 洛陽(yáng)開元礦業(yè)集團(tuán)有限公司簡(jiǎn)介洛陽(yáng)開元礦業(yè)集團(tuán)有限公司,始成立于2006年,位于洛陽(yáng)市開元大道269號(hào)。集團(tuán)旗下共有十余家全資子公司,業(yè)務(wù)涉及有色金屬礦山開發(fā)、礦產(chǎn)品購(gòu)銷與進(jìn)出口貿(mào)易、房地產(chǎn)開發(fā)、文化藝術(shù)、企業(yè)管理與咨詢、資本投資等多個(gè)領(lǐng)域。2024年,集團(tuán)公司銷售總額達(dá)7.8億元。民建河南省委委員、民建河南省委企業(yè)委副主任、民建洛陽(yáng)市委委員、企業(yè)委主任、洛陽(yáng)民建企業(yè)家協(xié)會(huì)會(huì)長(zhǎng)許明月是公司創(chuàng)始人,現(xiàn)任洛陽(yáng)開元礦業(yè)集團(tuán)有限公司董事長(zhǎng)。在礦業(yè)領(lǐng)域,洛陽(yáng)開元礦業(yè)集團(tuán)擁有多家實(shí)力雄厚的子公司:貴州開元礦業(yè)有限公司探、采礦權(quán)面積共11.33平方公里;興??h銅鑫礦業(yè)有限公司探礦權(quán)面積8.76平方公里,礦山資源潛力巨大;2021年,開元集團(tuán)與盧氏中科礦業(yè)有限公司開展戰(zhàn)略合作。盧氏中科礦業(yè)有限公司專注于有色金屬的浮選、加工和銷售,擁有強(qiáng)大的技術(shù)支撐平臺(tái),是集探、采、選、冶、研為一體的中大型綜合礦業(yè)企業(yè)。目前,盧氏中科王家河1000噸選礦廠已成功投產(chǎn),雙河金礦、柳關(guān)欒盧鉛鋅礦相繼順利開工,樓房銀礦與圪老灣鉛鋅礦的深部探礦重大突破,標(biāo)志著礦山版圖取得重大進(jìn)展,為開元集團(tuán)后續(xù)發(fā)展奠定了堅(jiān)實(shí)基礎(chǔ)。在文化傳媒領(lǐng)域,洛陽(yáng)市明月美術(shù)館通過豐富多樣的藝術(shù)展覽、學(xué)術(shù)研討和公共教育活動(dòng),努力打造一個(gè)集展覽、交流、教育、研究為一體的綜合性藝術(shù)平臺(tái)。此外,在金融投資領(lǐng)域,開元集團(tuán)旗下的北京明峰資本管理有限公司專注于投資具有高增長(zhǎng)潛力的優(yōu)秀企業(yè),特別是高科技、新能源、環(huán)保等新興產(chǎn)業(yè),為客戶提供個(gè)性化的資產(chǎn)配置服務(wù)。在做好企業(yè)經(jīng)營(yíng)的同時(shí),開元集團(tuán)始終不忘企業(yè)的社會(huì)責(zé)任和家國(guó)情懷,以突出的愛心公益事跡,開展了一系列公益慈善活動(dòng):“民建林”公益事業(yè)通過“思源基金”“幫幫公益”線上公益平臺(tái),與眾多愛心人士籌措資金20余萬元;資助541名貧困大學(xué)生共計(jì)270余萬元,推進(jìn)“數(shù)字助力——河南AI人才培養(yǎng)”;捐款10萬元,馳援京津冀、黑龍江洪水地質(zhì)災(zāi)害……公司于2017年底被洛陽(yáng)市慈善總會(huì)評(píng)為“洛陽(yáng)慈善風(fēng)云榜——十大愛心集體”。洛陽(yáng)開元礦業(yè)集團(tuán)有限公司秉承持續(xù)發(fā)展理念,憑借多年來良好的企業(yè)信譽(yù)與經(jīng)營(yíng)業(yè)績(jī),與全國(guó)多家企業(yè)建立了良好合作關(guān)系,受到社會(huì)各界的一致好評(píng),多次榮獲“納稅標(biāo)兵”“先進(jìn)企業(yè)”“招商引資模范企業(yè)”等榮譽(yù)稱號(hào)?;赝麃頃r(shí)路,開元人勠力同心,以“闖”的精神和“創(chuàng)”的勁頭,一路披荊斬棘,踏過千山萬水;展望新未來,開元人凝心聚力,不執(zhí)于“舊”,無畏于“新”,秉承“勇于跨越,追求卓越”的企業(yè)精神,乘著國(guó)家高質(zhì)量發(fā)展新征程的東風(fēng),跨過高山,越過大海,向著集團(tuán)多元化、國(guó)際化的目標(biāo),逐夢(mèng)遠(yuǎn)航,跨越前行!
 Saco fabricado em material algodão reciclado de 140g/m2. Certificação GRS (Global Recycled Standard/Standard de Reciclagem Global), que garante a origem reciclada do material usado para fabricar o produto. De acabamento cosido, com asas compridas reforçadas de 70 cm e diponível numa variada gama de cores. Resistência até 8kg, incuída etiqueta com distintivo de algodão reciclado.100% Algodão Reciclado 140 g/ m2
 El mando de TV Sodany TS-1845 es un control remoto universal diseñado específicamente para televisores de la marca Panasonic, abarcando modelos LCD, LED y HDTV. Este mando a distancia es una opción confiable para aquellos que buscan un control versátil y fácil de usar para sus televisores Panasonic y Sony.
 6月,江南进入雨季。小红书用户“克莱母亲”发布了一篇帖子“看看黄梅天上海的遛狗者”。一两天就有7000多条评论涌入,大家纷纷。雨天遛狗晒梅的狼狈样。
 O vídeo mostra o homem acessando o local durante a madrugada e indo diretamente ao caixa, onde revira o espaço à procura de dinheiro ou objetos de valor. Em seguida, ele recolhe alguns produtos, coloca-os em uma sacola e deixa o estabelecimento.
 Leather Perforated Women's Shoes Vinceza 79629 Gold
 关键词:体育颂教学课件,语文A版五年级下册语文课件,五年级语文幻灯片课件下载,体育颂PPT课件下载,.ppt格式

▶ Your objective
Each line containing the word "para" must be pulled from the listing and copied.

▶ Answer
 Saco fabricado em material algodão reciclado de 140g/m2. Certificação GRS (Global Recycled Standard/Standard de Reciclagem Global), que garante a origem reciclada do material usado para fabricar o produto. De acabamento cosido, com asas compridas reforçadas de 70 cm e diponível numa variada gama de cores. Resistência até 8kg, incuída etiqueta com distintivo de algodão reciclado.100% Algodão Reciclado 140 g/ m2
 El mando de TV Sodany TS-1845 es un control remoto universal diseñado específicamente para televisores de la marca Panasonic, abarcando modelos LCD, LED y HDTV. Este mando a distancia es una opción confiable para aquellos que buscan un control versátil y fácil de usar para sus televisores Panasonic y Sony.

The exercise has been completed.